Seit 1995 hatte Frau Ludwig eine enge Beziehung zur Stadt Bamberg, denn damals überließ sie gemeinsam mit ihrem Mann Peter Ludwig ihre Porzellan- und Fayencesammlung der Stadt als Dauerleihgabe. Den Bambergern ist die Sammlung Ludwig im Alten Rathaus bestens vertraut, in der Fachwelt ist sie als eine der besten und qualitätsvollsten Porzellansammlungen Europas berühmt. Die neue museale Nutzung des pittoresken Alten Rathauses, das zuvor als Ämtergebäude genutzt worden war, ermöglicht den Museumsbesuchern nun auch den Zutritt zu einem der schönsten Gebäude Deutschlands und die Besichtigung des Rokokosaals. Mit im Gepäck war damals auch die barocke vielfigurige Großkrippe, bekannt als „Ludwigskrippe“, die seit ihrer Neuaufstellung im Flussgeschoß des Alten Rathauses die Besucher der Krippenstadt Bamberg erfreut.
Nach dem Tod von Peter Ludwig im Jahr 1996 reiste Frau Professor Ludwig fortan alleine nach Bamberg. Mindestens einmal im Jahr besuchte sie die Stadt und ihre Sammlung und erfreute sich immer aufs Neue über die gelungene Präsentation im Alten Rathaus. Die Sammlungen Ludwig in Köln, Aachen, Wien, Budapest, Peking und eben auch Bamberg umfassen insgesamt über 12.000 Objekte von der Antike bis zur Gegenwart. Besonders ans Herz gewachsen war Irene Ludwig aber die Keramik und so kannte sie jedes einzelne Stück, wusste um die historische Bedeutung der Porzellane und konnte etwas zu den Umständen der Erwerbung erzählen. Bei ihren Besuchen erzählte sie gerne, welche ganz persönliche Geschichte sie mit dem einen oder anderen Objekt verbindet. Es war immer ein Erlebnis, sie auf ihrem Rundgang durch die Sammlung zu begleiten, denn als studierte Kunsthistorikerin hörte sie nie auf, genau hinzusehen, die Kunst der Maler zu bewundern oder auch einmal ein in ihren Augen überladenes Service einem strengen Urteil zu unterwerfen.

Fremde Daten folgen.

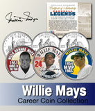 Here is your opportunity to own or to gift the WILLIE MAYS complete 3-coin set of colorized Statehood Quarters U.S. Coins, which have been enhanced with beautifully colorized images by the Merrick Mint. Each coin comes in a premium coin capsule. The complete 3-coin set comes with a full color Certificate of Authenticity. These Legal Tender United States coin have been colorized with an application of special inks directly to the surface of the coin, using a unique and painstakingly multicolor coin process, which achieves a level of detail, color saturation, and durability that is #1 in the coin industry. The result is an everlasting colorized coin collectible of ultra-high quality. Each Statehood Quarter coin features an emblematic design of the State on the reverse and colorized image of Willie Mays on the obverse (portrait of George Washington design).
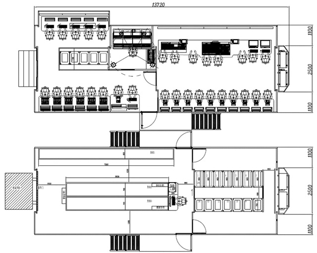 由于收車時(shí)內(nèi)套拉箱頂收回,強(qiáng)冷機(jī)柜若在拉箱區(qū),出回風(fēng)會(huì)很難設(shè)計(jì),所以通常將強(qiáng)冷柜放在不帶拉箱的部位,加上兩側(cè)拉箱總寬度不得超2.5米,這導(dǎo)致整個(gè)廂體很難做大,以下是幾種最常見(jiàn)的布局,基本都是配備4組強(qiáng)冷機(jī)柜,如果想要增加強(qiáng)冷機(jī)柜數(shù)量,就需要減小拉箱面積,這就會(huì)影響到制作區(qū)和技術(shù)區(qū)面積。無(wú)論是單外套還是雙外套,由于拉箱頂在主頂外邊,強(qiáng)冷的出回風(fēng)就比較好設(shè)計(jì),但同樣受到兩側(cè)拉箱總寬度不得超2.5米的限制,廂體也不可能做太大,可以考慮配合第三級(jí)內(nèi)套拉箱使用由于內(nèi)外套是采用上下疊加的形式,避開了左右相加不能超2.55米的限制,所以設(shè)計(jì)起來(lái)就比較靈活,也能做得更大,強(qiáng)冷區(qū)只要避開內(nèi)套拉箱,出回風(fēng)也比較好設(shè)計(jì)。以下是最近國(guó)內(nèi)比較常見(jiàn)的布局。
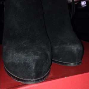 Saks 5/48 brand. Platform wedge-heeled suede booties with a back zip and side tie detail. They are 5 inches tall with a 1 inch platform and the top of the shaft hits just above the ankle. I have worn them on a handful of occasions, but they are too big for me. Very minimal wear, in like new condition.
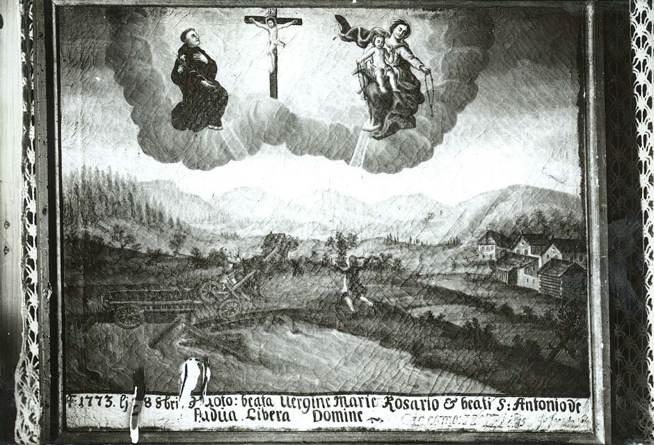 - ISCRIZIONI sul supporto secondario: in alto - C. Comeglians - (Udine/ Chiesa S. Giorgio/ Ex voto tavola del 1773 con la/ ARCHIVIO FOTOGRAFICO DELLA SOPRINTENDENZA DI VENEZIA/ Negativo/ N° 4305/ Data Sett. 1923 - Archivio Fotografico Soprintendenza ai Monumenti di Venezia - a penna/ a stampa - italiano
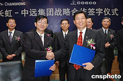 九月八日,長(zhǎng)虹集團(tuán)和中遠(yuǎn)集團(tuán)在四川綿陽(yáng)簽署戰(zhàn)略合作協(xié)議書,雙方將在國(guó)際運(yùn)輸、物流、服務(wù)、信息方面展開(kāi)更深更廣的合作。圖為長(zhǎng)虹董事長(zhǎng)趙勇(左)與中遠(yuǎn)集團(tuán)總裁魏家福(右)簽定戰(zhàn)略協(xié)議。作者:陳紅
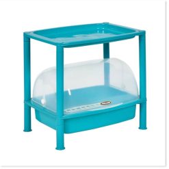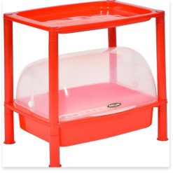 Kệ có lồng đậy bằng nhựa cứng mở ra, úp vào khi cần

Gerade in diesem Jahr lieh sie den Museen der Stadt Bamberg für die Sonderausstellung „Im Fokus: 300 Jahre Meißen. Glanzstücke aus der Sammlung Ludwig“ großzügig eine ganze Reihe von Meißener Stücken aus ihrem privaten Wohnhaus. Über die von ihr gegründete Peter und Irene Ludwig-Stiftung unterstützte sie die Museen der Stadt Bamberg auch immer wieder bei der Finanzierung von Publikationen und der Gestaltung von Ausstellungen.
Die Stiftung wird diese Arbeit von Irene Ludwig weiterführen.